= Burt Monroe =

American ornithologist

Burt Leavelle Monroe Jr. (25 August 1930 – 14 May 1994, in Louisville, Kentucky) was an American ornithologist, a professor at the University of Louisville, a member of the American Ornithologists' Union (AOU) beginning in 1953. Among his major contributions to avian taxonomy was the work with Charles Sibley resulting in the so-called Sibley-Monroe classification.

== Biography ==
Monroe was born in Louisville to Ethelmae Tuell and Burt Leavelle Monroe Sr. (1901–1968). Like his father, he too took an interest in birds as well as a wider interest in natural history and published his first note on short-eared owls in 1945. He obtained a bachelor's degree in biology at the University of Louisville and then joined the US Navy from 1953 to 1959 rising to become a Lieutenant and working as a flight instructor at Pensacola. He then joined the Louisiana State University and worked on expeditions to collect birds in Honduras.

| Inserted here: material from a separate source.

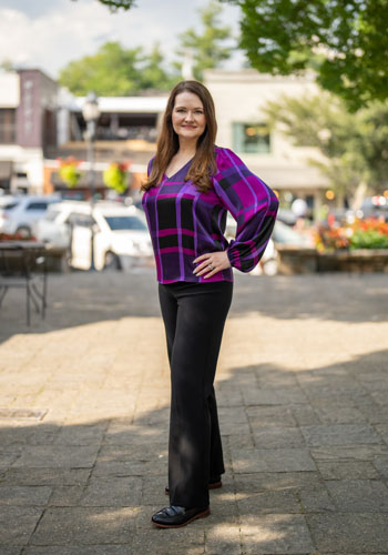 Joseph Ribkoff purple plaid top, $235; Joseph Ribkoff wide leg pants in black, $175. At Spoiled Rotten, Highlands. Model: Amanda Mulkey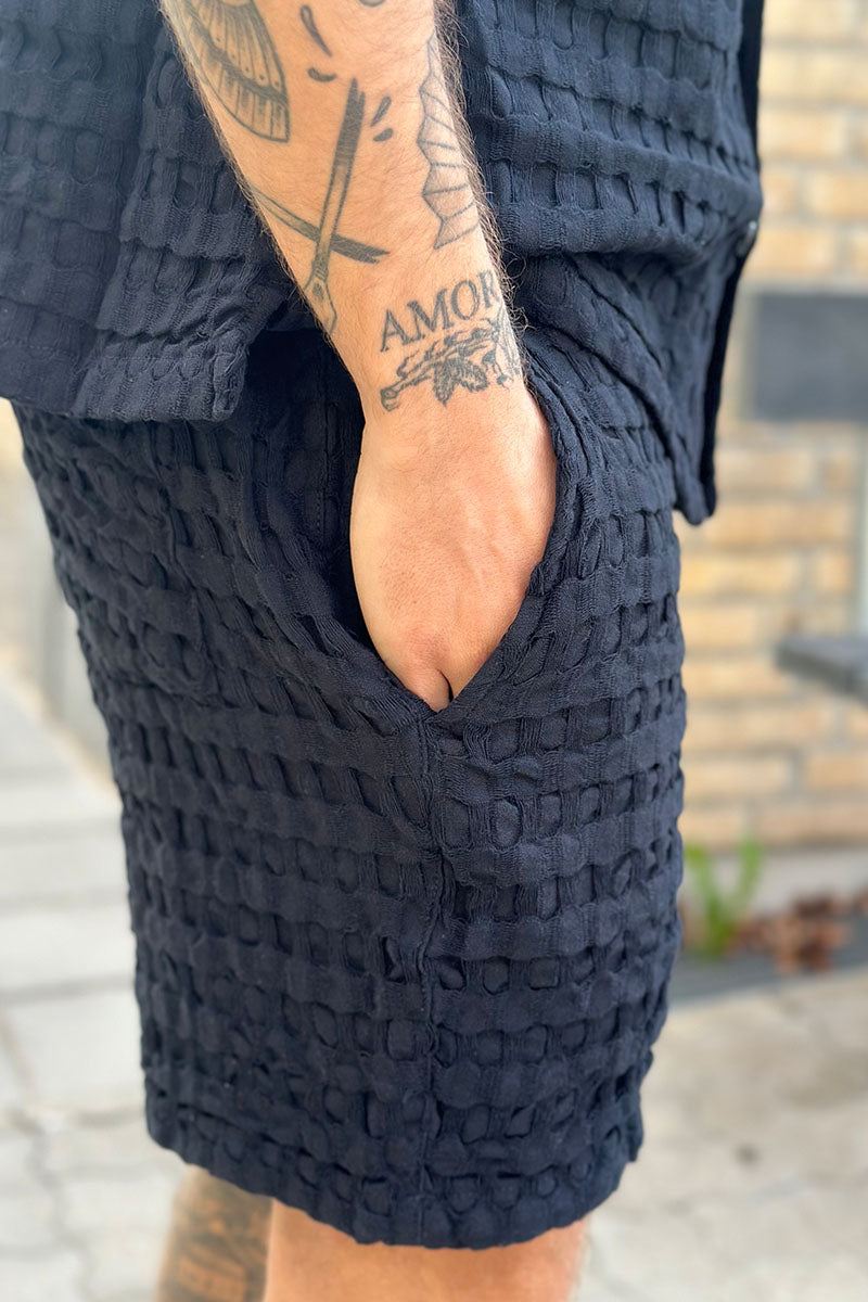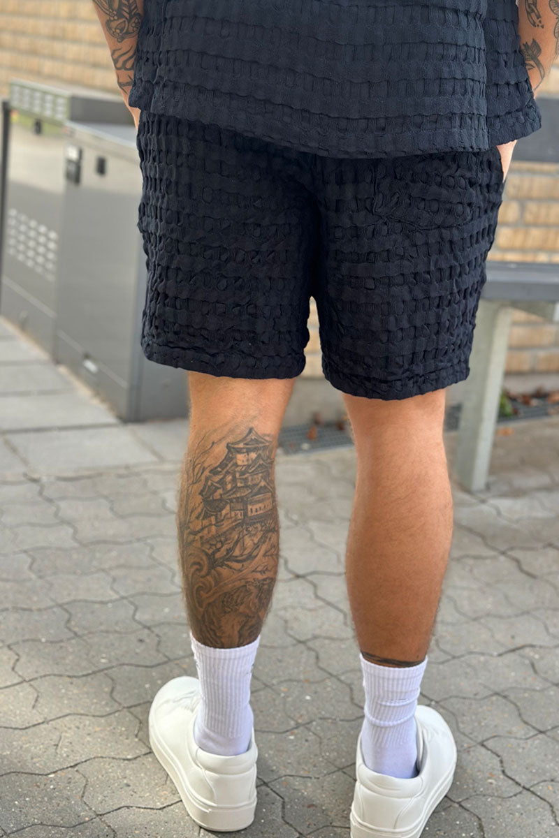 - Posiadają dwie kieszenie z przodu, jedną z tyłu oraz sznurek w pasie

This led also to his doctoral dissertation on the birds of Honduras (1965) under George Lowery. He married fellow student Rose Sawyer. In 1965 he became assistant professor of biology at the University of Louisville and headed the department from 1970. After seeing his father die from a heart attack during an audit of the AOU, he took up in 1968 the role of treasurer. He became part of the Checklist Committee in 1977. In 1983 he worked with Charles Sibley on DNA-DNA hybridization to work out the classification of birds resulting in the landmark publication Distribution and Taxonomy of Birds of the World (1990). He published A World Checklist of Bird in 1993. His last book The Birds of Kentucky was published posthumously in 1994. He died from cancer.